Capítulo 27
menina", disse Sofya. "Você ouviu como Mashenka foi chutado e chicoteou com
as rédeas? Você olharia melhor fora, ou eles o tratarão o mesmo."
"Bem, os deixe!"
Varvara riu no kerchief dela e sussurrou:
"Eu há pouco estive com o filho do padre."
"Tolice!"
"Eu tenho!"
"É um pecado!" Sofya sussurrado.
"Bem, deixe ser.... O que me preocupo eu? Se for um pecado, então é um pecado,
mas melhor seja golpeado morto através de trovão que ao vivo assim. Eu sou jovem e
forte, e eu tenho um imundo dobrado corcunda para um marido, pior que
O próprio Dyudya, o amaldiçoe!
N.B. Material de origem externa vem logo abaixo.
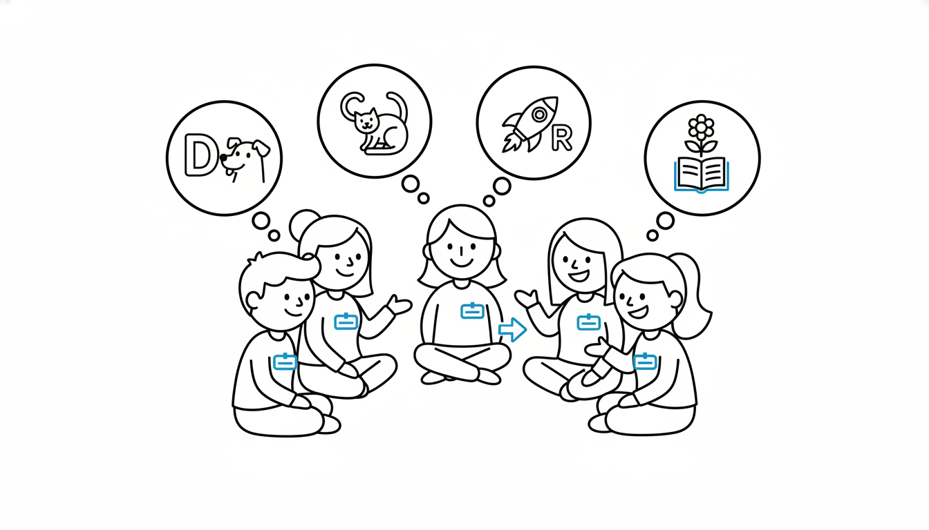 - EXPLAIN (30 seconds) - "Go around the circle. Say your name and something you like that starts with the same letter. For example: 'I'm Sarah and I like soccer.'"
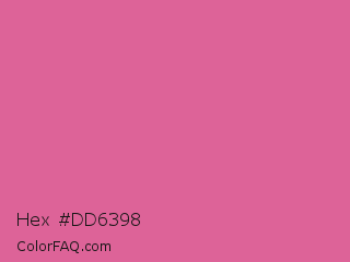 Hex #dd6398 Color is a light rose color and the nearest color is Pale Red Violet #db7093. Hex code #dd6398 and RGB value is rgb(221,99,152). In RGB color space, this color is composed of 87% red, 39% green, 60% blue, In CMYK color space, this color is composed of 0% cyan, 55% magenta, 31% yellow , 13% black , In HSL color space, this color has a hue angle of 334° , 64% saturation and 63% lightness.
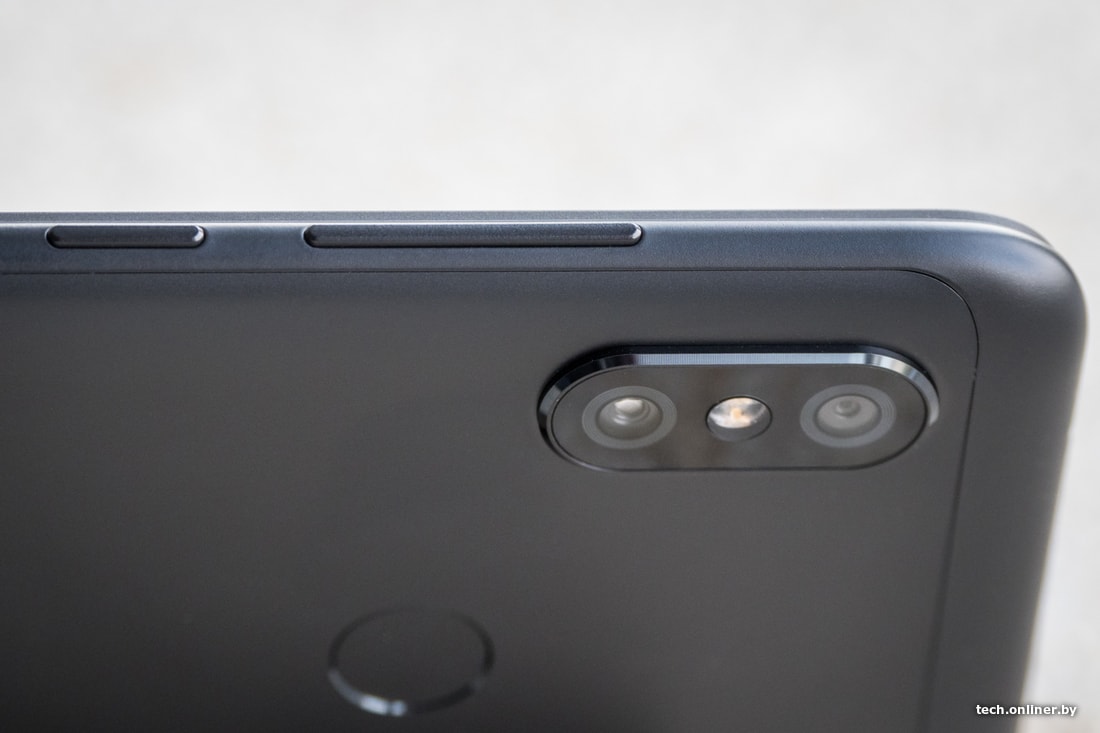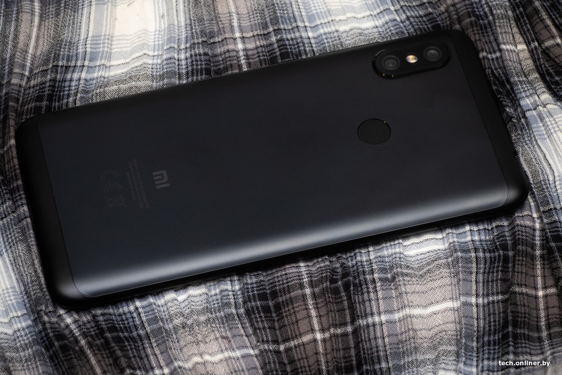 У Redmi Note 6 Pro — темная поверхность с незаметным сканером отпечатков и модуль двойной камеры слева вверху. Едва проглядывает логотип Mi.
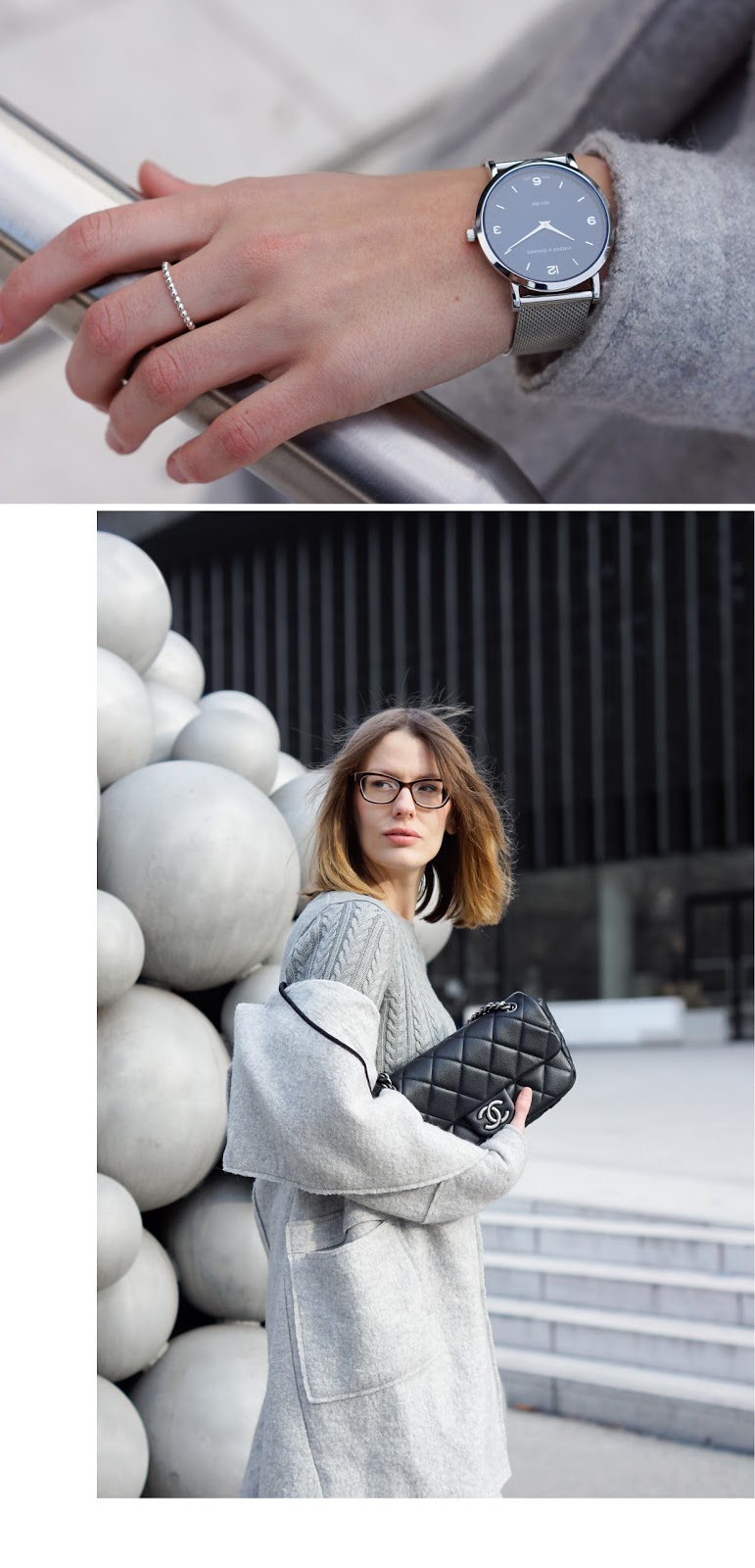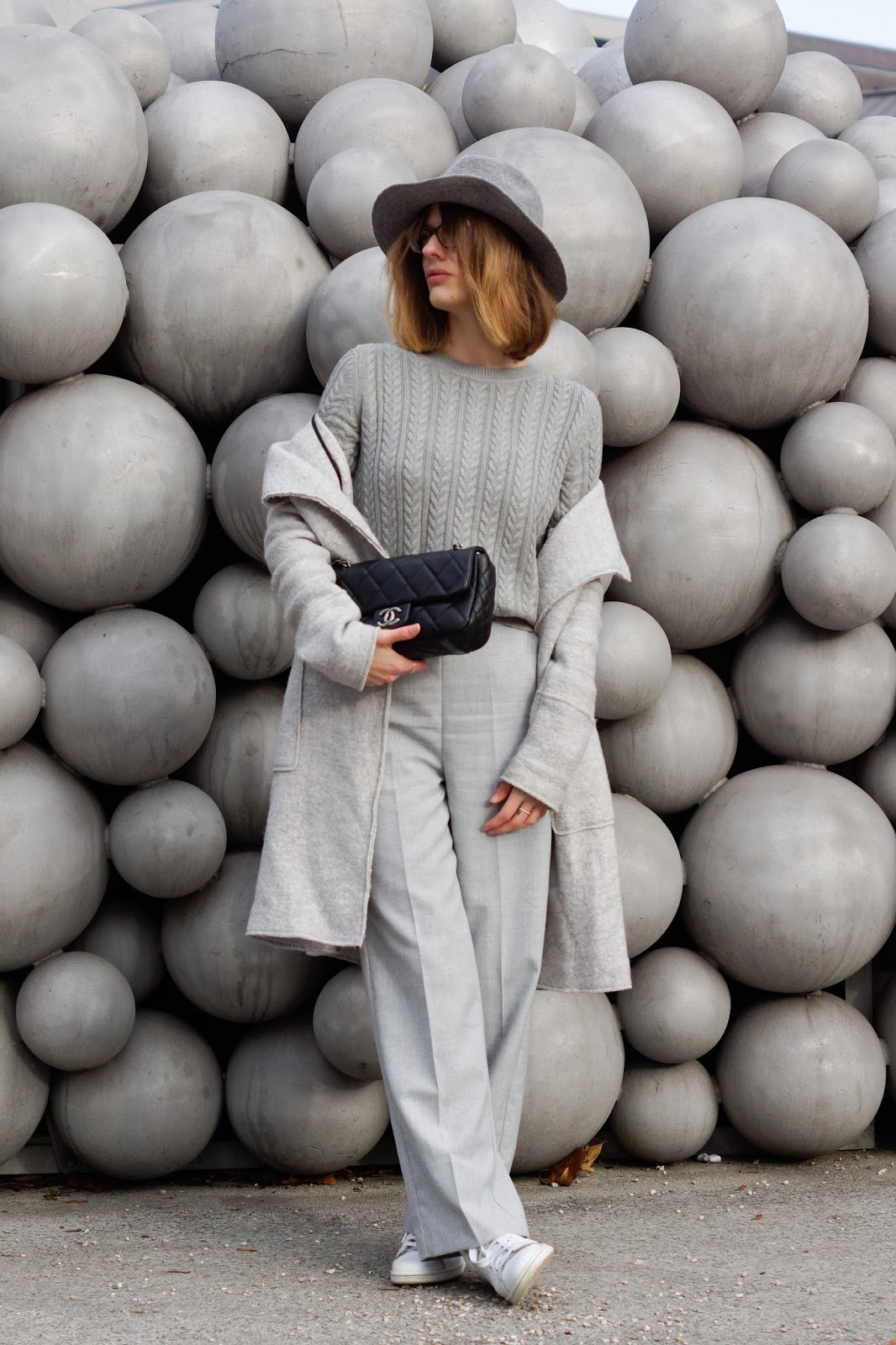But now it’s all about today’s outfit: I really liked wide pants right away when I first saw them in various spring collections, but somehow never really found a fitting model for me. Most of the time they were too long, woo wide or in the wrong colour … After having ended my search for a long time, I unexpectedly found a pair of grey wide pants in Zara sale. Luckily enough in a nice and warm fabric so I can easily wear them in winter, e.g. in a cozy allgrey wide pants outfit with knit and coat. I wear ZARA wide pants and coat, H&M knit, Stan Smith Sneakers from ADIDAS and my CHANEL.
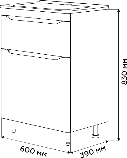 В комплекте: тумба, раковина, ножки.
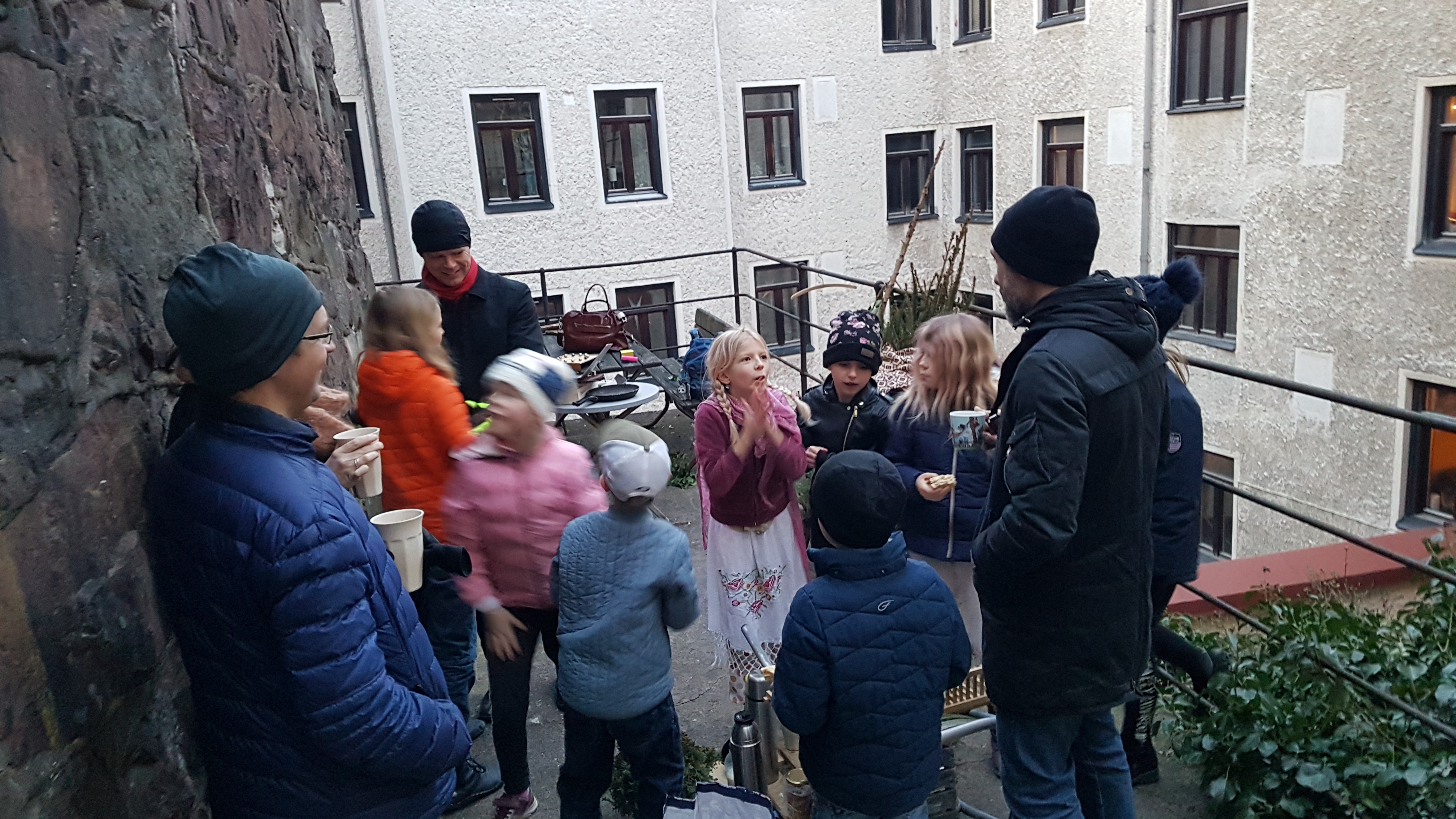 Efter en stund var det dags för uppträdandet. Scenen var på en trapp som gick rätt in i en vägg (!) och där dom lagt ut en svart matta som dom hittade i en container på gården (hyresvärden håller tydligen på och renoverar en lägenhet). Stolarna vi satt på (eller skulle suttit på, dom var lite väl unkiga) var också fynd från samma container. Återvinning minsann.

Quando eu era uma menina, eu não tive pão para comer, ou
um sapato para meu pé, e adquirir longe daquela miséria eu fui tentado
pelo dinheiro de Alyoshka, e foi pegado como um peixe em uma rede, e eu bastante
tenha uma víbora para meu companheiro de cama que aquele escorbuto Alyoshka. E o que é seu
vida? Me faz doente para olhar para isto. Seu Fyodor lhe enviou empacotando de
a fábrica e ele é levado com outra mulher. Eles o roubaram
de seu menino e fez um escravo dele. Você trabalha como um cavalo, e nunca
ouça uma palavra amável. Eu preferiria ansiar todos meus dias uma empregada velha, eu bastante
obtenha meio um rublo do filho do padre, eu preferiria implorar meu pão, ou
me lance no bem...
"É um pecado!" Sofya sussurrado novamente.
"Bem, deixe ser."
Em algum lugar atrás da igreja as mesmas três vozes, dois tenores e um
baixo, começou a cantar uma canção triste novamente. E novamente as palavras não puderam
seja distinguido.
"Eles não são cedo a cama", Varvara disse, enquanto rindo.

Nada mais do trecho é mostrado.